The objectives of this review are to (1) assess the methodological rigor of existing studies on AI applications in medical education, (2) identify key strengths and limitations in current research, (3) evaluate the effectiveness of AI-driven educational interventions, and (4) highlight existing gaps and future directions in this field. By synthesizing recent empirical findings through a narrative and thematically structured approach, this review seeks to support a more critical, transparent, and pedagogically grounded adoption of AI in medical education.

2. Materials and Methods

This narrative review was conducted to explore the impact of AI on learning processes in medical education and to critically examine the methodological challenges associated with its evaluation. The goal was not to conduct a systematic appraisal of intervention effectiveness, but rather to generate a conceptually driven and thematically structured synthesis of recent empirical findings.

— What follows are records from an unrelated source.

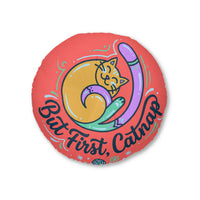 Stellt man dieses fröhliche runde Kissen in eine Ecke, wirkt der Raum sofort wärmer und verspielter. Das Motiv mit der zusammengerollten Katze und die leuchtenden Farben laden zum Innehalten und zu einem kurzen Nicker...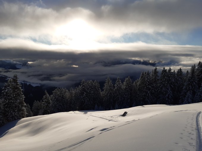 Aufstiegsroute dann über Pligugg-Galfralieng-Wurzaneina-Sadreinegg über den Grat bis zum Steinmann auf 2200müM. Am Grat allgemein wenig Schnee und viele Steine, für Aufstieg kein Problem, Abfahren am Grat geht fast nicht. Auf 2200m habe ich umgedreht, da der folgende Grat ebenfalls voller Steine ist, abfahren müsste man fast zwangsläufig im Hang. Ich bin dann bei P.2142 in den Nordost-Hang, ab dort Lawinen-technisch sicher unkritischer. Den Mulden entlang schönster Pulverschnee. Schneedecke ist allgemein oben rum etwas dünn/verblasen, unterhalb Sadrein fast besser da weniger Wind drin war. Wetter nicht zu toppen, in der Abfahrt Höhe Sadrein noch eine letzte Nebelbank erwischt.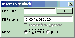 The dialog allows to specify the number of bytes to insert, the byte pattern to use, and the insert mode (insert or overwrite). In overwrite mode, the file grows, if the file end is reached.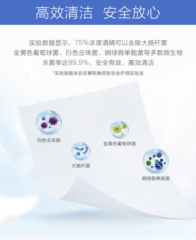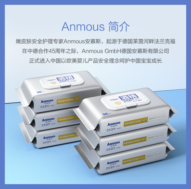 这款安慕斯Anmous加厚消毒湿巾,含75%酒精,可杀灭常见感染细菌病毒。采用3.2倍超高含液配比,液体充足,清洁面积更大,使用手感和杀菌效果兼得。
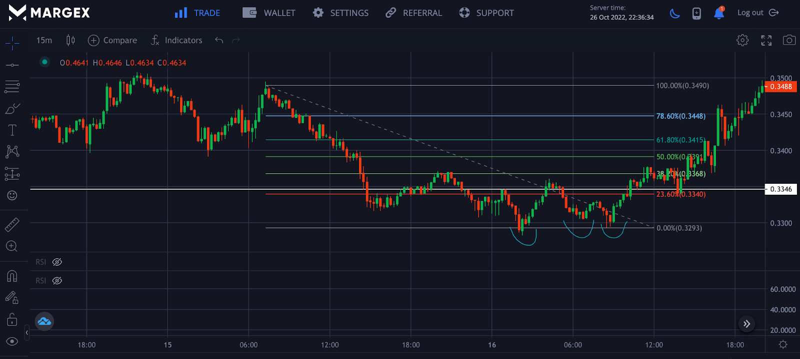 The Image above shows XRPUSD forming a triple bottom pattern after its bearish price movement with a potential break of the neckline resistance as the price of Ripple (XRP) continued its price rally to the upside. On spotting this pattern, a trader would wait for a clear confirmation to open a position. Although this strategy is highly successful but should not be traded alone as this could mean price distribution before a further downtrend in price. It is best to confirm with other strategies like the Relative Strength Index (RSI), Moving Averages, and Fibonacci retracement ratios for better confirmation and reduced risk.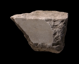 Identification There were many blank areas on the Marble Plan, including the spaces occupied by the Tiber River (see fragment 24d), by gardens, arenas, temple precincts and courtyards--in short, any space devoid of architecture or human construction. In addition, several rows of large marble slabs occupied the entire lower part of the wall of the aula on which the Plan was installed, and perhaps other walls as well. Blank fragments like this one could have originated from any of these areas.
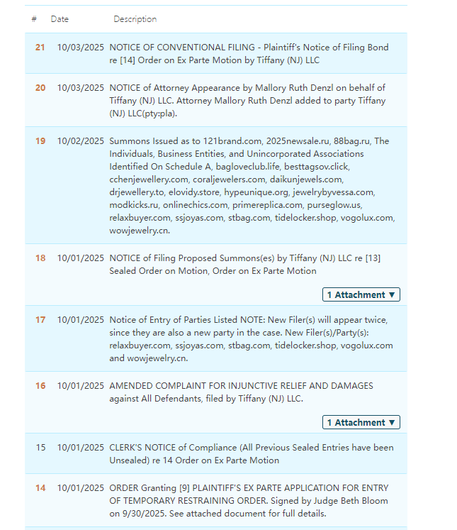 此案为商标维权,涉及Tiffany多项美国注册商标,文字商标有 TIFFANY & CO.、TIFFANY图形商标罗宾鸟蓝盒子、蓝珠宝袋,就连蓝色也已经注册了商标,以下是涉及商标具体信息,未经授权不得擅自使用,侵权风险极高,跨境卖家尽快检索下架,避免TRO侵权风险!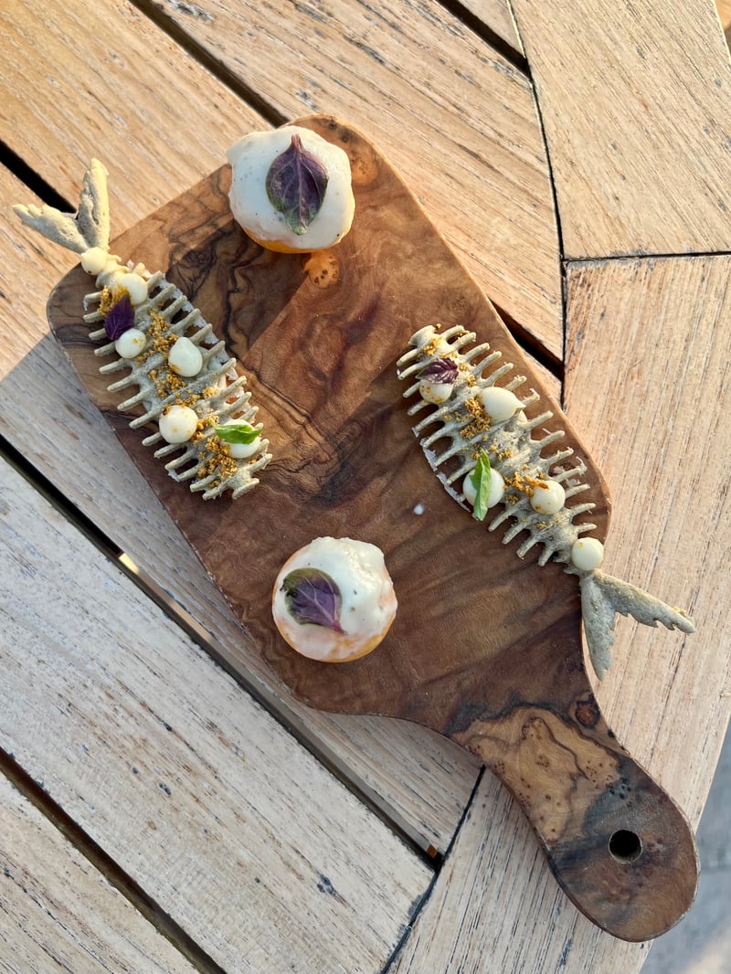 Our dinner at NOTOS began with two signature mocktails, each with a distinct identity. The Velvet Brew for my husband, with its rich and robust flavors, envelops the palate in a soft and silky texture, blending espresso, orgeat, almond milk, and a hint of cinnamon. Fresher and more sparkling, I chose the Vitae Vigor, which proved to be a revitalizing elixir infused with lemon verbena, uplifted by honey and citrus, and animated by a light bitterness evoking a spring breeze.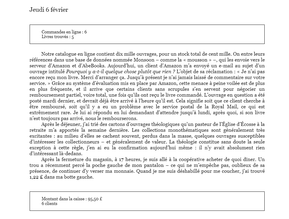 J’aime bien lire les expériences d’autres libraires parce que même si nous faisons le même métier, nous ne le faisons pas tous de la même manière et cela est fascinant de découvrir le quotidien de mes confrères. J’ai découvert récemment Shaun Bythell qui partage son quotidien sous forme d’un journal où il note tout ce qui se passe dans sa librairie. Le livre s’appelle Le libraire de Wigtown (Autrement – 21€) et est le premier d’une série en cours dont j’attends impatiemment les prochains tomes.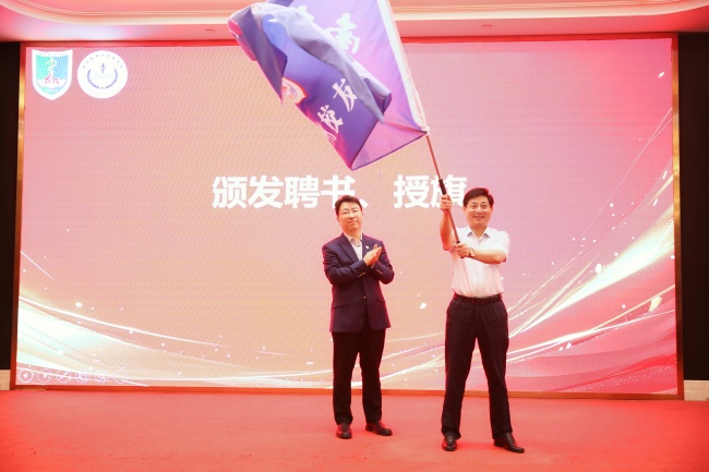 岳國峰副校長為新當選的揚州校友會理事會會長束余聲頒發聘書并授予會旗。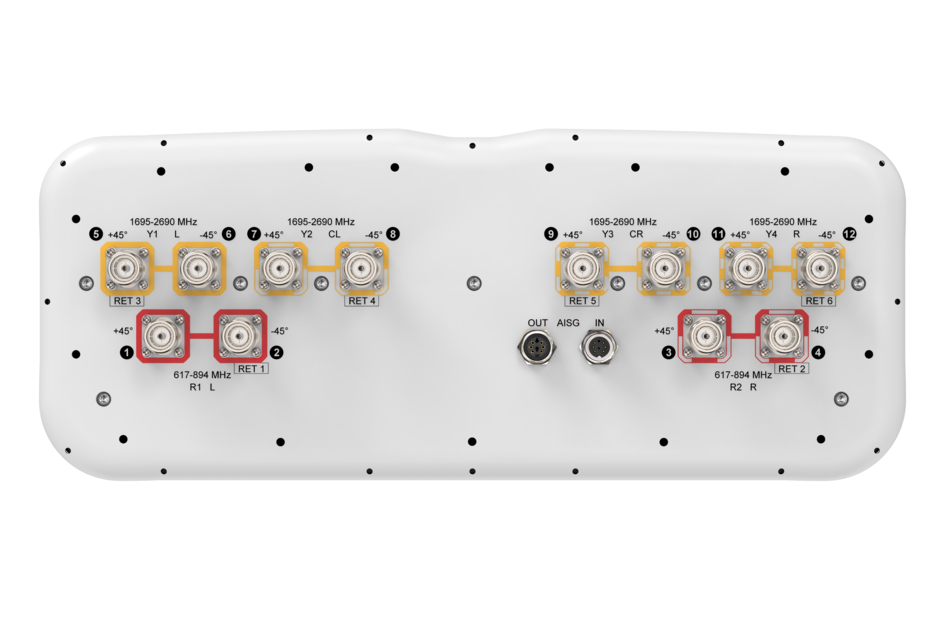 12-port sector antenna, 4x 617-894 and 8x 1695–2690 MHz, 65°HPBW, 6x RET
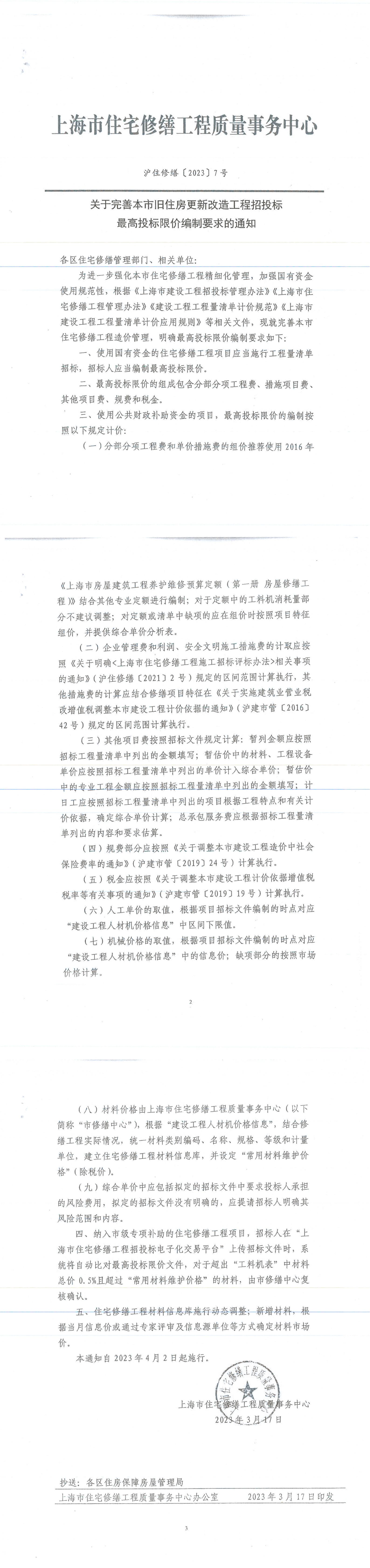 關(guān)于完善本市舊住房更新改造工程招投標(biāo)最高投標(biāo)限價(jià)編制要求的通知【滬住修繕〔2023〕7 號(hào)】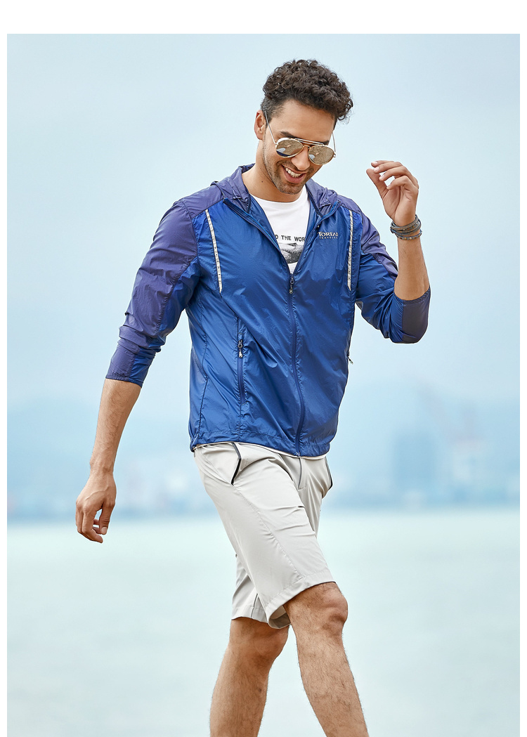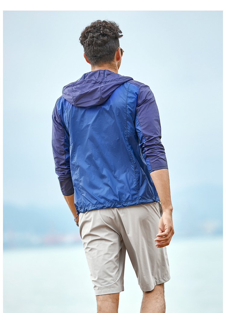 在款式上,修身版型,一体连帽设计,3D立体剪裁,使风帽更加贴合头型;松紧袖口,弹力松紧袖口贴合手腕不倒灌风。腋下和手臂等多处有透气孔,加倍透气,可把皮肤风衣自收纳为很小的体积,方便携带。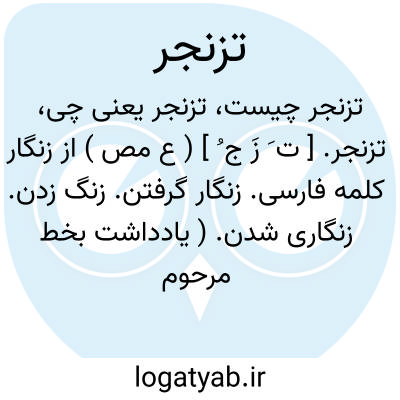 تزنجر. [ ت َ زَ ج ُ ] ( ع مص ) از زنگار کلمه فارسی. زنگار گرفتن. زنگ زدن. زنگاری شدن. ( یادداشت بخط مرحوم دهخدا ): و اذا رش علیه الخل تزنجر. ( ابن البیطار ج 1 ص 145 شش سطر بآخر مانده ). و هو [ ای النحاس ] یتزنجربالخل و الروسختج المحرق منه بالایقال اوفی اتون الزجاج. ( الجماهر فی الجواهر للبیرونی یادداشت ایضاً ).
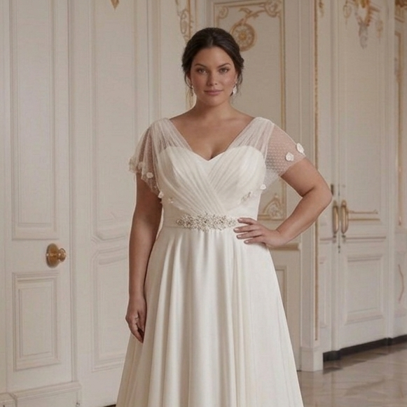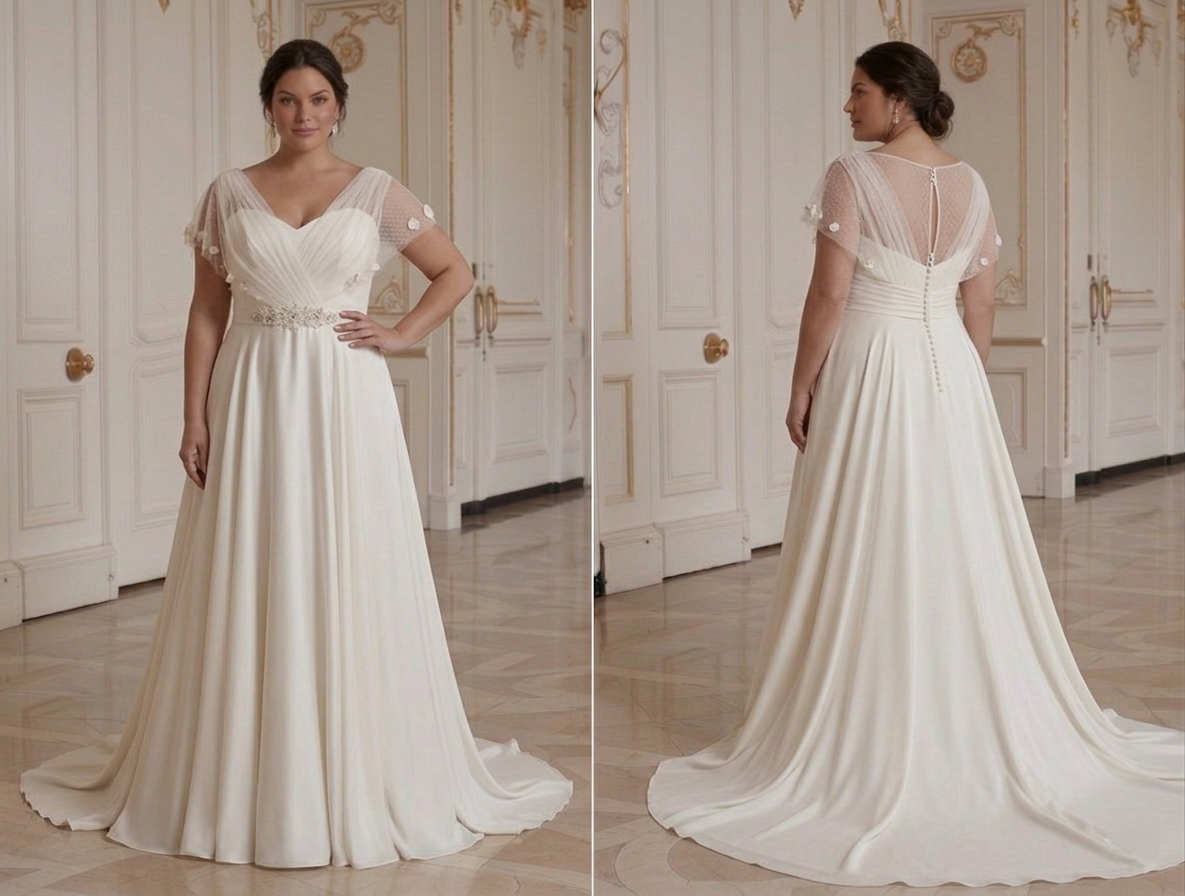 Vestido de Noiva Elegante para Noiva Curvilínea Design Suave e Feminino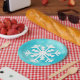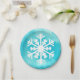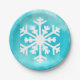 Paper plates in a white snowflake on a soft sky blue watercolor background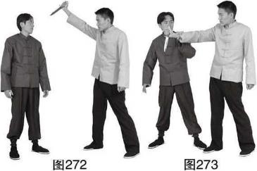 (图273),乙欲动甲紧跟向乙右腿前上步左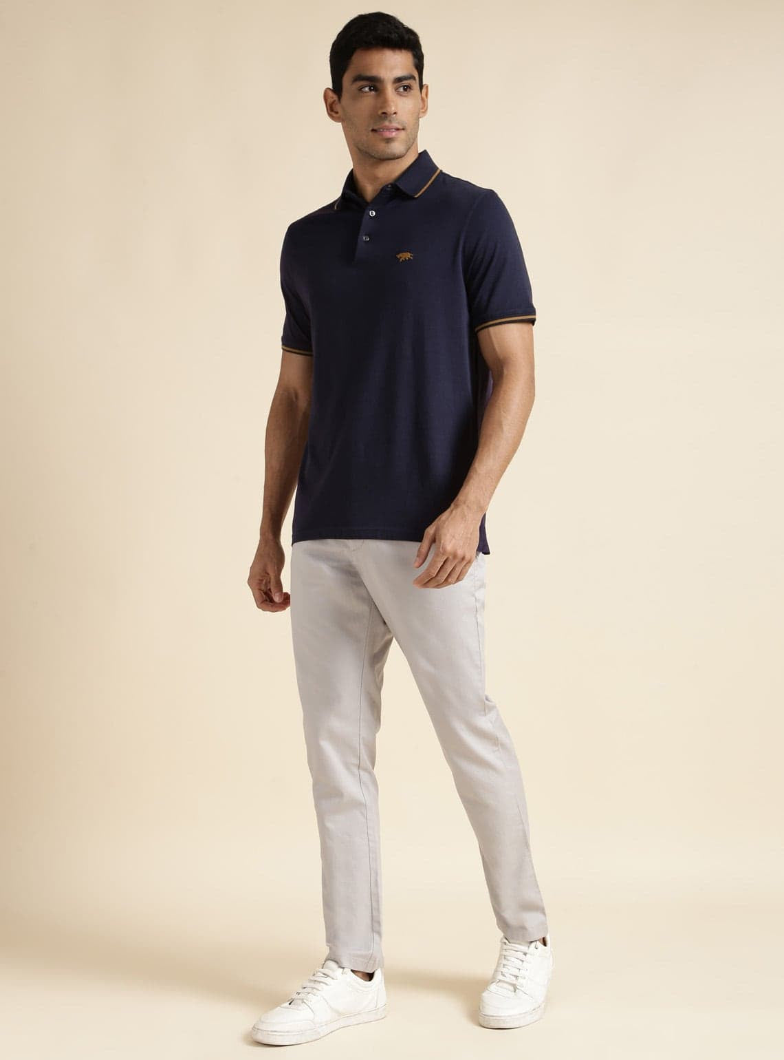 Versatile, comfortable, and built for you. These polos exude confidence as you wear them. They are made entirely from cotton in a single jersey structure, promising a combination that is both breathable and effortlessly stylish. Featuring a gold finish, tipping detail, & Rajan, the mark of Andamen.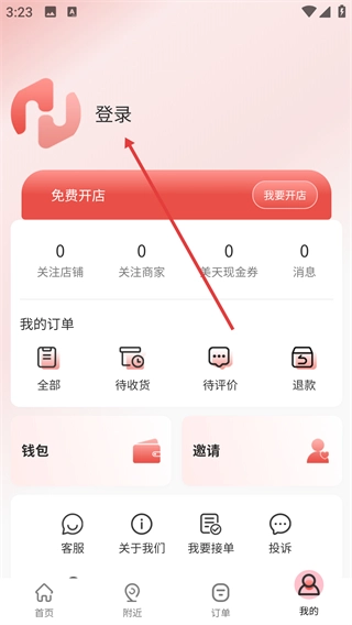 在美天到家的“我的”页面中,点击【登录】区域,即可进入账号登录的操作界面。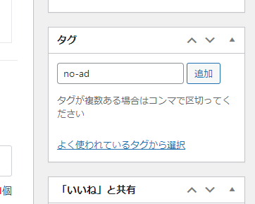 記事の編集ページやクイック編集機能から、タグに「no-ad」を追加します。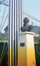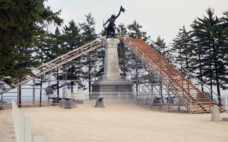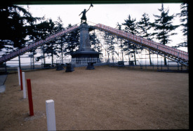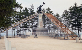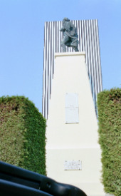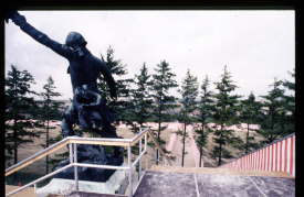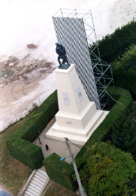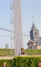 - [Sans titre - Panneau derrière statue], Septembre, 1989, Travail in situ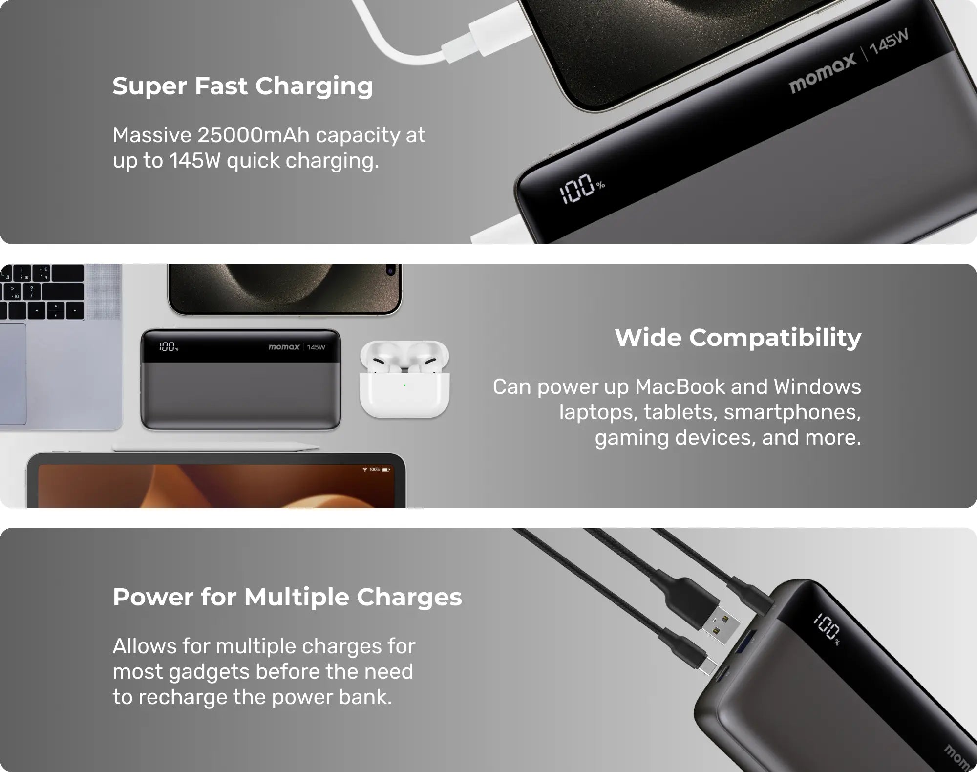 Equipped with PD 3.1 technology, the 1-Power Ultra mobile power bank can provide fast charging speeds of up to 145W, which can not only charge your mobile devices, but also charge Macbooks or Windows laptops.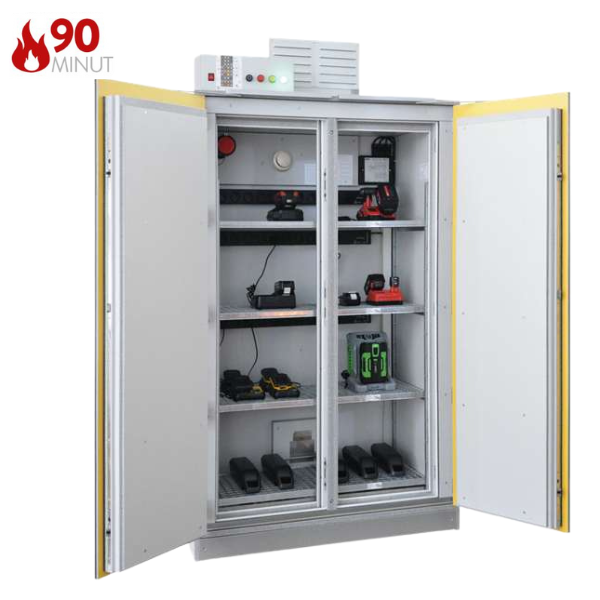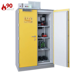 Szafa ognioodporna 90 min przeznaczona jest do aktywnego i pasywnego ładowania i przechowywania baterii i akumulatorów litowo-jonowych o różnych pojemnościach. Stosowana powszechnie w laboratoriach, biurach, magazynach i na stanowiskach produkcyjnych. Gwarantuje najwyższy poziom zabezpieczenia przed skutkami awarii akumulatorów oraz pożarem. Spełnia wymogi najnowszych norm europejskich oraz optymalną organizację wnętrza, umożliwiającą zarówno ładowanie, jak i przechowywanie baterii.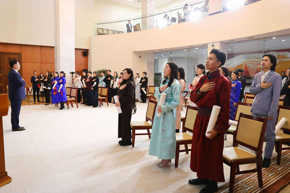 Тэтгэлэгт хөтөлбөрийн эзэд болж, эх орондоо бэлтгэл хөтөлбөрт суралцаж байгаа оюутнуудад Ерөнхийлөгч У.Хүрэлсүх сурлагын өндөр амжилт хүсэж, захиа, даалгавар гардууллаа.

A narrative synthesis approach was adopted in line with established methodological guidance for non-systematic reviews in complex and emerging fields. The synthesis was organized thematically across four core domains. These domains were identified a priori through a consensus process among the authors, drawing upon their collective expertise and familiarity with the key literature in the field. This approach allowed for the definition of a foundational framework representing the most established areas of AI application in medical education. The domains were then refined iteratively during the full-text analysis: (1) AI as a tutor or content generator; (2) AI in simulation-based learning; (3) AI in diagnostic training; and (4) AI in competency assessment.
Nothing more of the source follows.